BBC World News banned in China for “content violation”


BBC World News reports on China were found to “seriously violate” broadcasting guidelines: state media


China’s broadcaster announced Thursday that it had pulled BBC World News out of the air. The content of the station “seriously” violated the guidelines for reporting in the country.

A statement from China’s National Radio and Television Administration (NRTA) said BBC World News reports on China “seriously violate” broadcasting guidelines, including “the requirement that news be truthful and fair” rather than “China’s national interests damage”. “”

The move comes after the BBC aired a report on Feb. 3 listing harrowing reports of torture and sexual violence against Uighur women in Chinese camps.

The NRTA “is not allowing the BBC to continue broadcasting in China and is not accepting its new annual application to broadcast,” the Beijing statement said.

The BBC said it was disappointed with the move.

“The BBC is the world‘s most trusted international news broadcaster and reports stories from around the world fairly, impartially and without fear or favor,” said a BBC spokeswoman.

In a lengthy investigation based on testimony, the BBC reported allegations of systematic rape, sexual abuse and torture of female inmates by police and guards in China’s western Xinjiang region.

Home to the mainly Muslim Uighur minority, the region has come under extensive pressure from the Chinese armed forces in response to separatist unrest in recent years.

The report described electrical shock torture, including anal rape by guards with electrified sticks. According to witnesses, women were subjected to rape and forced sterilization.

“The screams echoed through the whole building,” one was quoted as saying.

Human rights groups believe that at least one million Uyghurs and other Turkish-speaking Muslims are detained in camps in Xinjiang.


The Chinese Foreign Ministry dismissed the BBC investigation as “wrong”.

British Junior Foreign Secretary Nigel Adams said the BBC report revealed “clearly bad deeds”.

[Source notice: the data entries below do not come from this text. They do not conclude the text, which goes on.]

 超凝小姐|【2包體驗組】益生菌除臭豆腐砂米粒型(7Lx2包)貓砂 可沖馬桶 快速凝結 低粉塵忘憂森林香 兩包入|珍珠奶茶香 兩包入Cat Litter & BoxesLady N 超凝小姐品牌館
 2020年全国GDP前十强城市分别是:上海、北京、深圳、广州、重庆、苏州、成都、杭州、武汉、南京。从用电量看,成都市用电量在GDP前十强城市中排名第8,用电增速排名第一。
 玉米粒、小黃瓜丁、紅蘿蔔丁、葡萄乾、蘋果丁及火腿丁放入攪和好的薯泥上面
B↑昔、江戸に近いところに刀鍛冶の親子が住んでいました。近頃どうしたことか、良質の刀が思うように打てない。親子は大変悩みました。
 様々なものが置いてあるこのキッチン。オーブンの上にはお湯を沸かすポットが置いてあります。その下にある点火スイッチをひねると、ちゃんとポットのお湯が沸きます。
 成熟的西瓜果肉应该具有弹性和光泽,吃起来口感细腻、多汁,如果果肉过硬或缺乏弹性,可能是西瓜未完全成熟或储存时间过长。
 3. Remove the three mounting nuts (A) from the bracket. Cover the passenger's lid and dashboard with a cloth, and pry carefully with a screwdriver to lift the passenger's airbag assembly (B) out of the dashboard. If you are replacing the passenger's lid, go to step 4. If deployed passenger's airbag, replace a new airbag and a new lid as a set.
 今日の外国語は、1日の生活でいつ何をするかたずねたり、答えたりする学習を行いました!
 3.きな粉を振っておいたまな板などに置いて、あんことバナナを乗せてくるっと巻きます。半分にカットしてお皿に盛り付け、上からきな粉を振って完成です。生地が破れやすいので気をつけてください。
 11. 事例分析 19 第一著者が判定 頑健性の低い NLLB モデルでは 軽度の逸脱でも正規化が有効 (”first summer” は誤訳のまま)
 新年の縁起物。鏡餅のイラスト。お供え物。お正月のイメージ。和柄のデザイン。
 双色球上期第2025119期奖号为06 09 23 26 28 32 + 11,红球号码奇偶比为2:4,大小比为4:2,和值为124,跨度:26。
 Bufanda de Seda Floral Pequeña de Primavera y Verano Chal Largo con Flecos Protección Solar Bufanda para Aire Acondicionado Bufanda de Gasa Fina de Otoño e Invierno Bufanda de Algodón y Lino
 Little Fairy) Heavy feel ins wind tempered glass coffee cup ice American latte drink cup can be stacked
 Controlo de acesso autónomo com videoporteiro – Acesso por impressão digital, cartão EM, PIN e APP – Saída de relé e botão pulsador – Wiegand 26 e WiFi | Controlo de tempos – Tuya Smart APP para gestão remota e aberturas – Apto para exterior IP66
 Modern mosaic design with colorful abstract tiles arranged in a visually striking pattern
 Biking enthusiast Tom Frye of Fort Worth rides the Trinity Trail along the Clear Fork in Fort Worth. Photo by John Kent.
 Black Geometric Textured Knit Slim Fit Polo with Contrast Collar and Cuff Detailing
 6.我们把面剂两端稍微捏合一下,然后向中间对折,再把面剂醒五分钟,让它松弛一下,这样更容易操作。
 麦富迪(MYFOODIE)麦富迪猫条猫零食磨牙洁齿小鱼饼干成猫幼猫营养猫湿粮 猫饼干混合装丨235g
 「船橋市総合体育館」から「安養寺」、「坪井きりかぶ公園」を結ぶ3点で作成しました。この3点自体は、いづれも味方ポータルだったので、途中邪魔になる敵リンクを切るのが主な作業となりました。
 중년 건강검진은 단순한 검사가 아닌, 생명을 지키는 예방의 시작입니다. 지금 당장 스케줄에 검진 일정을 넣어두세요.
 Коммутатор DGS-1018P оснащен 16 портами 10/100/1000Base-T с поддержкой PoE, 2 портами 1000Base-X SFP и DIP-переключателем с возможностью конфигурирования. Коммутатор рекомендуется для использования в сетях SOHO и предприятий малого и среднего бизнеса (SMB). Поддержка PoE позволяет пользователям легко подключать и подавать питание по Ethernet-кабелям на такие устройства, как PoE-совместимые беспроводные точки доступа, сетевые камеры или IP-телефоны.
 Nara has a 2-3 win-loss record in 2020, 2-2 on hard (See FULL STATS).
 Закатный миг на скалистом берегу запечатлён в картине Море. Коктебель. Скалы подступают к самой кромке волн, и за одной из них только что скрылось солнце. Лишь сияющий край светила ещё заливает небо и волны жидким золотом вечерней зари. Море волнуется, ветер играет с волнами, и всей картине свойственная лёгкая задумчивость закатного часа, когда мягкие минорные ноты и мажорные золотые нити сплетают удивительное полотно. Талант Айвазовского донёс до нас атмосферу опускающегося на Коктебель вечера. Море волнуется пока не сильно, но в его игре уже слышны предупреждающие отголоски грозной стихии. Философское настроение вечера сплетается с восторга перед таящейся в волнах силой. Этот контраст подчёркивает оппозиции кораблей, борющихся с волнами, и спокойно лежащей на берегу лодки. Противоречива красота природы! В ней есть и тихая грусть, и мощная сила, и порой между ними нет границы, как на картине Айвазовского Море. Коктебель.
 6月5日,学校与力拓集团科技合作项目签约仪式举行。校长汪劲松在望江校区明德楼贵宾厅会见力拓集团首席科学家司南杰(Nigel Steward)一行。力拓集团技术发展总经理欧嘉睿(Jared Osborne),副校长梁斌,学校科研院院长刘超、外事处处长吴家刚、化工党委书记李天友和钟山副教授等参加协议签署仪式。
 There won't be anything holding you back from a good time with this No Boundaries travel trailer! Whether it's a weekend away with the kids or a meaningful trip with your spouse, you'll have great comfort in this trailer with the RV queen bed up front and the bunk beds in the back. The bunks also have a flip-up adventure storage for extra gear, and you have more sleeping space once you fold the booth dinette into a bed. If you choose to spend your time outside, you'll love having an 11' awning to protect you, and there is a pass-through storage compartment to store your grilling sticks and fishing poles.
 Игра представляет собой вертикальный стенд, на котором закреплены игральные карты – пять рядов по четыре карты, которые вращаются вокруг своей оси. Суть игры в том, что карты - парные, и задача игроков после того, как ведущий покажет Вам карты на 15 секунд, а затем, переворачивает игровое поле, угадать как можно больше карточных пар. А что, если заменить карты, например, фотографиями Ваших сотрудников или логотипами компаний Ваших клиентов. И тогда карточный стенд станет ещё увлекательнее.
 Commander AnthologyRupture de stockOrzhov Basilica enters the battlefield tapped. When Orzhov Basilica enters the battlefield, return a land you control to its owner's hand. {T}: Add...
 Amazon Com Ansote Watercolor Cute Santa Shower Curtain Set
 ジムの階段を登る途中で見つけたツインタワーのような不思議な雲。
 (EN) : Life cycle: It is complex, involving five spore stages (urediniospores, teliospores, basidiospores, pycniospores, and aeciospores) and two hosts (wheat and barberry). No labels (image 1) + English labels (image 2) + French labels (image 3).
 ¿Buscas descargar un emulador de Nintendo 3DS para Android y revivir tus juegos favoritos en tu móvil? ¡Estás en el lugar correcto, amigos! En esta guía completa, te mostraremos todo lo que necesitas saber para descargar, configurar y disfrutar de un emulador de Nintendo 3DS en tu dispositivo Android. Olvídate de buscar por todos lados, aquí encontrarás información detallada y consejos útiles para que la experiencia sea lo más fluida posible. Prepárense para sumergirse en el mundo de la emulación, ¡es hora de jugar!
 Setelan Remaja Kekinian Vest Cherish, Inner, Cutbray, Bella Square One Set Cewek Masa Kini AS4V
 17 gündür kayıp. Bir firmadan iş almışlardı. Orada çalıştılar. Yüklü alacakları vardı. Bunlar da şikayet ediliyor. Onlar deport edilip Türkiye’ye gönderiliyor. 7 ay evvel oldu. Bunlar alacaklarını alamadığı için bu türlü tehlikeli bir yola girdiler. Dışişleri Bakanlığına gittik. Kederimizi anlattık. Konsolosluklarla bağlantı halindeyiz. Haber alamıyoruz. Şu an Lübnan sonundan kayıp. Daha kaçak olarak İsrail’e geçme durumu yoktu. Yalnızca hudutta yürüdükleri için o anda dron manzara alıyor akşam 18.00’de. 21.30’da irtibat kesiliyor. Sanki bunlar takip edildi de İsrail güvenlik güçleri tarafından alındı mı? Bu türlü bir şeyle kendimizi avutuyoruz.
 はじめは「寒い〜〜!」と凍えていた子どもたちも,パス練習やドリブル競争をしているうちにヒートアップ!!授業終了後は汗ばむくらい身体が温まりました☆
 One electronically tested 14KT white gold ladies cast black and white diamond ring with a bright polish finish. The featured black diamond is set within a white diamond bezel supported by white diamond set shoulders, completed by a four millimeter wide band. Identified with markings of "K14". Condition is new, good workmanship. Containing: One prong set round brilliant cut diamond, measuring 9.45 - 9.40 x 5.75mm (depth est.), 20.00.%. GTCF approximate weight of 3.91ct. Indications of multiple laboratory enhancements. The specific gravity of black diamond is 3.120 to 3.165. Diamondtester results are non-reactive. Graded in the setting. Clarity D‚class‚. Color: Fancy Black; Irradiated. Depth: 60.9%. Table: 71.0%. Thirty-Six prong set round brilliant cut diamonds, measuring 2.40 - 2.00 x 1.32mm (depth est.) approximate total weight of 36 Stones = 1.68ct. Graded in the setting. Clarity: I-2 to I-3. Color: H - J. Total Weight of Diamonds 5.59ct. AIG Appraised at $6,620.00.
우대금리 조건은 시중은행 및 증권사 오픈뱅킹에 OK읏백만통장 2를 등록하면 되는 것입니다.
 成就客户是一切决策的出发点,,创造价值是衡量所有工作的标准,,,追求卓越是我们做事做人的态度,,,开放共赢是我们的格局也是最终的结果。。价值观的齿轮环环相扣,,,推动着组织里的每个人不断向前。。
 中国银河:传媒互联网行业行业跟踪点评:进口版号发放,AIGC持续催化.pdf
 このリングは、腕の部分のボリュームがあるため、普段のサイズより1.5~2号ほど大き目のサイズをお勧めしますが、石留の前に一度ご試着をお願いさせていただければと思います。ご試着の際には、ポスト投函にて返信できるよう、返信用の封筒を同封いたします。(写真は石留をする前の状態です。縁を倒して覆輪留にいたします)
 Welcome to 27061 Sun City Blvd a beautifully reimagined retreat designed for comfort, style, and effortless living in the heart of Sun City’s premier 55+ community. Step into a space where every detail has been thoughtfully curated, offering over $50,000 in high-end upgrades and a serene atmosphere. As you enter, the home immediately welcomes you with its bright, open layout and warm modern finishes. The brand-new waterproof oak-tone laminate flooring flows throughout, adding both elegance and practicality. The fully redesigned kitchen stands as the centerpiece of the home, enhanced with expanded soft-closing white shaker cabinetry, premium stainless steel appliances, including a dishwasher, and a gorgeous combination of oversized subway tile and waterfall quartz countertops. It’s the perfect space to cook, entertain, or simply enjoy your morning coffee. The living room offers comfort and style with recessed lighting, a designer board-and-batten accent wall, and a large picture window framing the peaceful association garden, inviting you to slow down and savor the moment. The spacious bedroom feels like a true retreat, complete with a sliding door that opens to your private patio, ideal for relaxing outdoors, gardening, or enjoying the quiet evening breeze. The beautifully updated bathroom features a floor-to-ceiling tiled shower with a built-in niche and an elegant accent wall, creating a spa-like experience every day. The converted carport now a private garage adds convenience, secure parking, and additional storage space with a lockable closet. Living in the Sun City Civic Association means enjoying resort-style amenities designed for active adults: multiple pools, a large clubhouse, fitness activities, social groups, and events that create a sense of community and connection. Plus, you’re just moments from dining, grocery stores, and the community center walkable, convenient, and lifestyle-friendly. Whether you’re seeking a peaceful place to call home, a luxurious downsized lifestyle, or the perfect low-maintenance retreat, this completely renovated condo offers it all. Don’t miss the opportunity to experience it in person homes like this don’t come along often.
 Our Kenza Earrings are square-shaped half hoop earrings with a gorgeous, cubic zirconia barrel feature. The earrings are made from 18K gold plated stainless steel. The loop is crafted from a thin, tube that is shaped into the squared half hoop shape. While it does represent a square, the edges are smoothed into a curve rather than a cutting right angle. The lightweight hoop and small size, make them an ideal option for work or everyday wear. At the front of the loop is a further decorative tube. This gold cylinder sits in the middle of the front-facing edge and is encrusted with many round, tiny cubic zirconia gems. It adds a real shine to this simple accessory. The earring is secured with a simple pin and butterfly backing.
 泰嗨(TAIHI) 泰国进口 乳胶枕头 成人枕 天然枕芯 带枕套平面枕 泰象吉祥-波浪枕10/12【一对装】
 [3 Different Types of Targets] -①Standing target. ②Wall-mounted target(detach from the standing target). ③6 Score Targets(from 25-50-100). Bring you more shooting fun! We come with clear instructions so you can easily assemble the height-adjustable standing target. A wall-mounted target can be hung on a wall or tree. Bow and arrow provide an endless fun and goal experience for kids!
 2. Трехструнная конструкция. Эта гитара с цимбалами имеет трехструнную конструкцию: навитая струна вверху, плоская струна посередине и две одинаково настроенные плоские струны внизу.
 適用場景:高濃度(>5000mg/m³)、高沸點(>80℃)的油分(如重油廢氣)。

Prime Minister Boris Johnson’s administration “is determined to take decisive action” in relation to Xinjiang, he said, despite the fact that the government has stopped invoking the term “genocide”, arguing that only UK courts make this legal definition can.

A US State Department spokesman reiterated the view of both the former and new US administrations that China is committing “genocide” against the Uyghurs.

“These atrocities shock the conscience and must have serious consequences,” said the spokesman.

The report also sparked outrage from politicians in Australia, again calling on China to allow UN law enforcement officers to visit Xinjiang.

China is accused of forcing Uyghurs to parrot communist propaganda and renounce Islam, forcibly sterilize women and impose a regime of forced labor.

After initially denying the existence of the camps, the Chinese government abruptly acknowledged them, saying they were vocational training centers to reduce the appeal of Islamic extremism.

(Except for the headline, this story was not edited by GossipMantri staff and published from a syndicated feed.)